#### [Problem requirements]
An exact copy of the data is needed, but without any of its images.

#### [Source material]
# # #

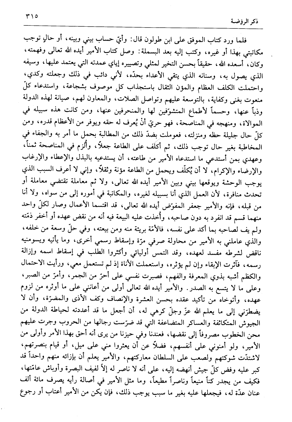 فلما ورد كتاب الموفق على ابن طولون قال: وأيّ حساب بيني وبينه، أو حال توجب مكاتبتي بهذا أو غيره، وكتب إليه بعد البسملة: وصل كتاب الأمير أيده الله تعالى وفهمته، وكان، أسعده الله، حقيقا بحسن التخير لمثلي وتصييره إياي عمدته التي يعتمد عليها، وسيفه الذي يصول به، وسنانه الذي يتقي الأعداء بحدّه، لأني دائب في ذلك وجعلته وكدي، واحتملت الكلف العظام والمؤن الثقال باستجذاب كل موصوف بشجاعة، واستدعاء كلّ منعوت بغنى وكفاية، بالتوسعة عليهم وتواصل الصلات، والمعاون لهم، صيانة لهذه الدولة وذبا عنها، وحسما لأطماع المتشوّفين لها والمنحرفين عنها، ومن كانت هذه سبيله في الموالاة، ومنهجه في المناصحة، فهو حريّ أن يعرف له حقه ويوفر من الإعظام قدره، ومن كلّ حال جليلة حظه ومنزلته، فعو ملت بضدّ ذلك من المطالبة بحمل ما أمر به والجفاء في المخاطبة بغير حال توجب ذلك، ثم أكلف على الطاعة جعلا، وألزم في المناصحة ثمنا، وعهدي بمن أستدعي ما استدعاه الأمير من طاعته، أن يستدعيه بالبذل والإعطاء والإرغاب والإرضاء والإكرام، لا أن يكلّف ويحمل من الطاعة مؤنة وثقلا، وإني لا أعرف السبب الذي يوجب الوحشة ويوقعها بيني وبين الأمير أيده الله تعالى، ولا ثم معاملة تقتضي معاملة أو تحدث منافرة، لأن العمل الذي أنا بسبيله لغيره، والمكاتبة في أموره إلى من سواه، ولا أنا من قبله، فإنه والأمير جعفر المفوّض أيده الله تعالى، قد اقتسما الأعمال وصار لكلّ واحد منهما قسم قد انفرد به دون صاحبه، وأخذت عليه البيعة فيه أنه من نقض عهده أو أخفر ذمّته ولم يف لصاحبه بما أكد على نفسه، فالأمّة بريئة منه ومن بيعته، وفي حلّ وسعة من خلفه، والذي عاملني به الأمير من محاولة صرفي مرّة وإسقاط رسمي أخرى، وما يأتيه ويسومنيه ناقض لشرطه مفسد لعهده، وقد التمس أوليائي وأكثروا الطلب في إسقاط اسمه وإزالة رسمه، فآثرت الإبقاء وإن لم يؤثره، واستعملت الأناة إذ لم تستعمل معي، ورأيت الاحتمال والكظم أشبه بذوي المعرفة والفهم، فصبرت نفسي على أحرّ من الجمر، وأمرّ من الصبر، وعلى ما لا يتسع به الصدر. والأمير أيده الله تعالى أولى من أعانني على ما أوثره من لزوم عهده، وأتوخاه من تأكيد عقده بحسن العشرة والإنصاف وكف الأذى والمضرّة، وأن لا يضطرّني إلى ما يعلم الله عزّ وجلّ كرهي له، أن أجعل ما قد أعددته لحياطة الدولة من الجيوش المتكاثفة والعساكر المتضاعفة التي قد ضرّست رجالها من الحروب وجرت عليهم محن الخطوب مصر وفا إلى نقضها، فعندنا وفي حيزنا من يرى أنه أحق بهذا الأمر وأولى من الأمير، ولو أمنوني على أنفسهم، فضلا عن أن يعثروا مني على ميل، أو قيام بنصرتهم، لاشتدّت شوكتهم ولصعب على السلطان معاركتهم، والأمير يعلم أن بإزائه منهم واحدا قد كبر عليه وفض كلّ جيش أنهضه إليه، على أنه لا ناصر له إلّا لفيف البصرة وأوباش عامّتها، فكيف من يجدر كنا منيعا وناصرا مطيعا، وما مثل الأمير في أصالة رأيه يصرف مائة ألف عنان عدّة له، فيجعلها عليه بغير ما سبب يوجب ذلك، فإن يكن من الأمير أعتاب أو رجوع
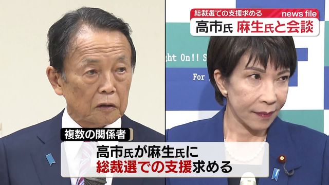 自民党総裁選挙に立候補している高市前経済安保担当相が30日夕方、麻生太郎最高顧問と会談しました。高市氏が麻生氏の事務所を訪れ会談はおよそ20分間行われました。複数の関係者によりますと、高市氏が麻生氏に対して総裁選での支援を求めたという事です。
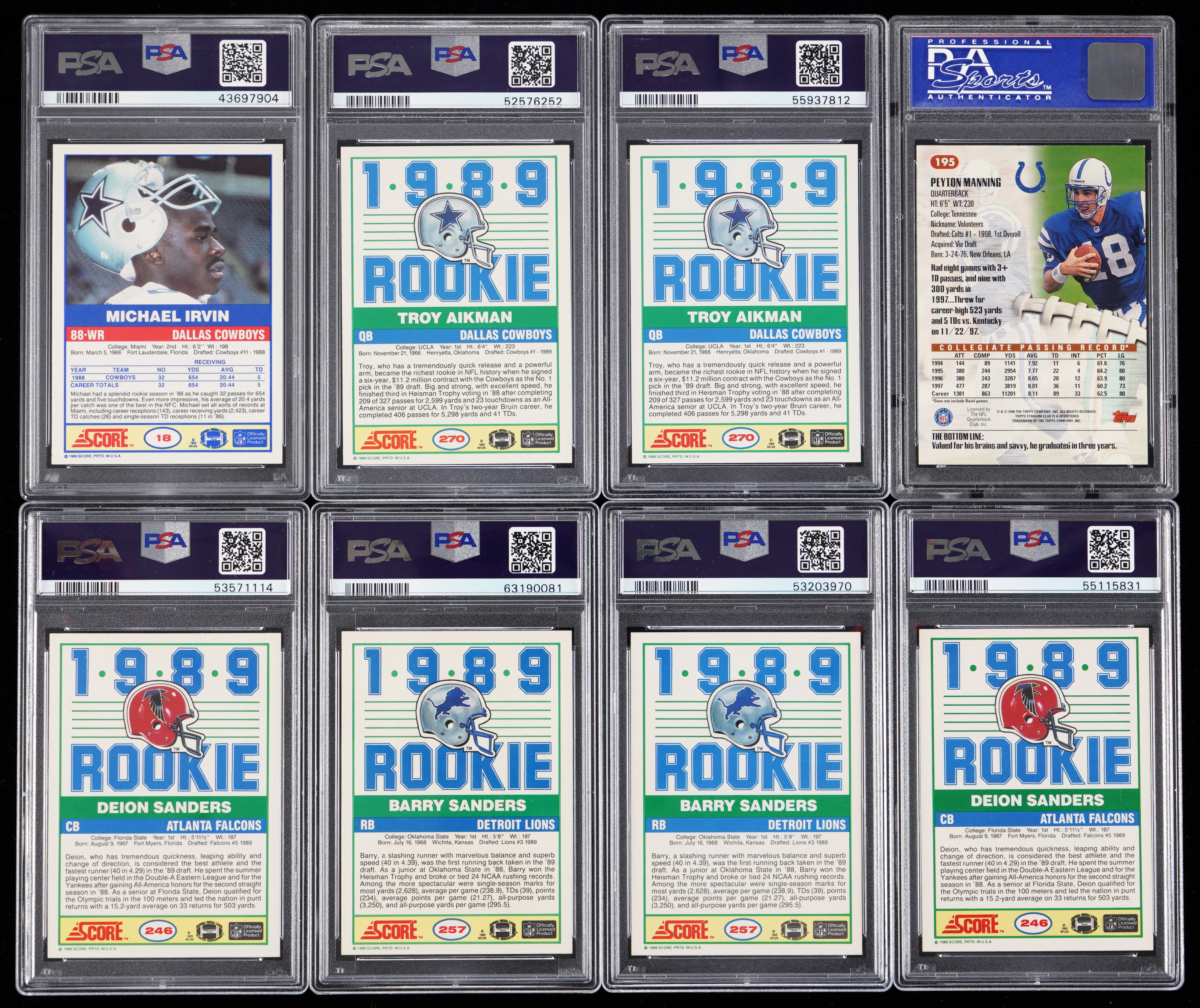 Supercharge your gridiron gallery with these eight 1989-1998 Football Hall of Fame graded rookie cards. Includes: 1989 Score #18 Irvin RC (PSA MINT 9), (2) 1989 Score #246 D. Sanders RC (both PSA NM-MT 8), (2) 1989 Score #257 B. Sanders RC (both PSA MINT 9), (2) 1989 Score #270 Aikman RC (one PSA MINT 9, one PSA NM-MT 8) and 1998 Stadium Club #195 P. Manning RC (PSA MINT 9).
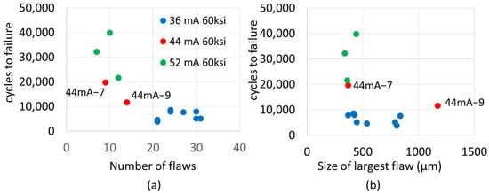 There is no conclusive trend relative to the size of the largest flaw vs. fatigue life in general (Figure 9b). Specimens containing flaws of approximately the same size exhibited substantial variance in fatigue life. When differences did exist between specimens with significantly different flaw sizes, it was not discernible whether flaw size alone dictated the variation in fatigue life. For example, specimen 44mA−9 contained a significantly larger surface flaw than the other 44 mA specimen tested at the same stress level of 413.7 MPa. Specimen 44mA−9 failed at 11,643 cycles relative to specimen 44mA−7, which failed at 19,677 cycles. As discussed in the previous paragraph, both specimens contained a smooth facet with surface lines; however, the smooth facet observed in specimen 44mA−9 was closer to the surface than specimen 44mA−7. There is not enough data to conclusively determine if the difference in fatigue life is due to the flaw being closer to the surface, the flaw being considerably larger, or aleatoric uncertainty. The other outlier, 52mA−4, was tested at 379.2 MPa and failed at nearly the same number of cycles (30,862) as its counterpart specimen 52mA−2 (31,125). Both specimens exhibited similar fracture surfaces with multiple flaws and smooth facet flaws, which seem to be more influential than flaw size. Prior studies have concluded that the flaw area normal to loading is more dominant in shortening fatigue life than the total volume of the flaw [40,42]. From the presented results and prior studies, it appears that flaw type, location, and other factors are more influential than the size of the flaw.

# # #

#### [Response]
 فلما ورد كتاب الموفق على ابن طولون قال: وأيّ حساب بيني وبينه، أو حال توجب مكاتبتي بهذا أو غيره، وكتب إليه بعد البسملة: وصل كتاب الأمير أيده الله تعالى وفهمته، وكان، أسعده الله، حقيقا بحسن التخير لمثلي وتصييره إياي عمدته التي يعتمد عليها، وسيفه الذي يصول به، وسنانه الذي يتقي الأعداء بحدّه، لأني دائب في ذلك وجعلته وكدي، واحتملت الكلف العظام والمؤن الثقال باستجذاب كل موصوف بشجاعة، واستدعاء كلّ منعوت بغنى وكفاية، بالتوسعة عليهم وتواصل الصلات، والمعاون لهم، صيانة لهذه الدولة وذبا عنها، وحسما لأطماع المتشوّفين لها والمنحرفين عنها، ومن كانت هذه سبيله في الموالاة، ومنهجه في المناصحة، فهو حريّ أن يعرف له حقه ويوفر من الإعظام قدره، ومن كلّ حال جليلة حظه ومنزلته، فعو ملت بضدّ ذلك من المطالبة بحمل ما أمر به والجفاء في المخاطبة بغير حال توجب ذلك، ثم أكلف على الطاعة جعلا، وألزم في المناصحة ثمنا، وعهدي بمن أستدعي ما استدعاه الأمير من طاعته، أن يستدعيه بالبذل والإعطاء والإرغاب والإرضاء والإكرام، لا أن يكلّف ويحمل من الطاعة مؤنة وثقلا، وإني لا أعرف السبب الذي يوجب الوحشة ويوقعها بيني وبين الأمير أيده الله تعالى، ولا ثم معاملة تقتضي معاملة أو تحدث منافرة، لأن العمل الذي أنا بسبيله لغيره، والمكاتبة في أموره إلى من سواه، ولا أنا من قبله، فإنه والأمير جعفر المفوّض أيده الله تعالى، قد اقتسما الأعمال وصار لكلّ واحد منهما قسم قد انفرد به دون صاحبه، وأخذت عليه البيعة فيه أنه من نقض عهده أو أخفر ذمّته ولم يف لصاحبه بما أكد على نفسه، فالأمّة بريئة منه ومن بيعته، وفي حلّ وسعة من خلفه، والذي عاملني به الأمير من محاولة صرفي مرّة وإسقاط رسمي أخرى، وما يأتيه ويسومنيه ناقض لشرطه مفسد لعهده، وقد التمس أوليائي وأكثروا الطلب في إسقاط اسمه وإزالة رسمه، فآثرت الإبقاء وإن لم يؤثره، واستعملت الأناة إذ لم تستعمل معي، ورأيت الاحتمال والكظم أشبه بذوي المعرفة والفهم، فصبرت نفسي على أحرّ من الجمر، وأمرّ من الصبر، وعلى ما لا يتسع به الصدر. والأمير أيده الله تعالى أولى من أعانني على ما أوثره من لزوم عهده، وأتوخاه من تأكيد عقده بحسن العشرة والإنصاف وكف الأذى والمضرّة، وأن لا يضطرّني إلى ما يعلم الله عزّ وجلّ كرهي له، أن أجعل ما قد أعددته لحياطة الدولة من الجيوش المتكاثفة والعساكر المتضاعفة التي قد ضرّست رجالها من الحروب وجرت عليهم محن الخطوب مصر وفا إلى نقضها، فعندنا وفي حيزنا من يرى أنه أحق بهذا الأمر وأولى من الأمير، ولو أمنوني على أنفسهم، فضلا عن أن يعثروا مني على ميل، أو قيام بنصرتهم، لاشتدّت شوكتهم ولصعب على السلطان معاركتهم، والأمير يعلم أن بإزائه منهم واحدا قد كبر عليه وفض كلّ جيش أنهضه إليه، على أنه لا ناصر له إلّا لفيف البصرة وأوباش عامّتها، فكيف من يجدر كنا منيعا وناصرا مطيعا، وما مثل الأمير في أصالة رأيه يصرف مائة ألف عنان عدّة له، فيجعلها عليه بغير ما سبب يوجب ذلك، فإن يكن من الأمير أعتاب أو رجوع
 自民党総裁選挙に立候補している高市前経済安保担当相が30日夕方、麻生太郎最高顧問と会談しました。高市氏が麻生氏の事務所を訪れ会談はおよそ20分間行われました。複数の関係者によりますと、高市氏が麻生氏に対して総裁選での支援を求めたという事です。
 Supercharge your gridiron gallery with these eight 1989-1998 Football Hall of Fame graded rookie cards. Includes: 1989 Score #18 Irvin RC (PSA MINT 9), (2) 1989 Score #246 D. Sanders RC (both PSA NM-MT 8), (2) 1989 Score #257 B. Sanders RC (both PSA MINT 9), (2) 1989 Score #270 Aikman RC (one PSA MINT 9, one PSA NM-MT 8) and 1998 Stadium Club #195 P. Manning RC (PSA MINT 9).
 There is no conclusive trend relative to the size of the largest flaw vs. fatigue life in general (Figure 9b). Specimens containing flaws of approximately the same size exhibited substantial variance in fatigue life. When differences did exist between specimens with significantly different flaw sizes, it was not discernible whether flaw size alone dictated the variation in fatigue life. For example, specimen 44mA−9 contained a significantly larger surface flaw than the other 44 mA specimen tested at the same stress level of 413.7 MPa. Specimen 44mA−9 failed at 11,643 cycles relative to specimen 44mA−7, which failed at 19,677 cycles. As discussed in the previous paragraph, both specimens contained a smooth facet with surface lines; however, the smooth facet observed in specimen 44mA−9 was closer to the surface than specimen 44mA−7. There is not enough data to conclusively determine if the difference in fatigue life is due to the flaw being closer to the surface, the flaw being considerably larger, or aleatoric uncertainty. The other outlier, 52mA−4, was tested at 379.2 MPa and failed at nearly the same number of cycles (30,862) as its counterpart specimen 52mA−2 (31,125). Both specimens exhibited similar fracture surfaces with multiple flaws and smooth facet flaws, which seem to be more influential than flaw size. Prior studies have concluded that the flaw area normal to loading is more dominant in shortening fatigue life than the total volume of the flaw [40,42]. From the presented results and prior studies, it appears that flaw type, location, and other factors are more influential than the size of the flaw.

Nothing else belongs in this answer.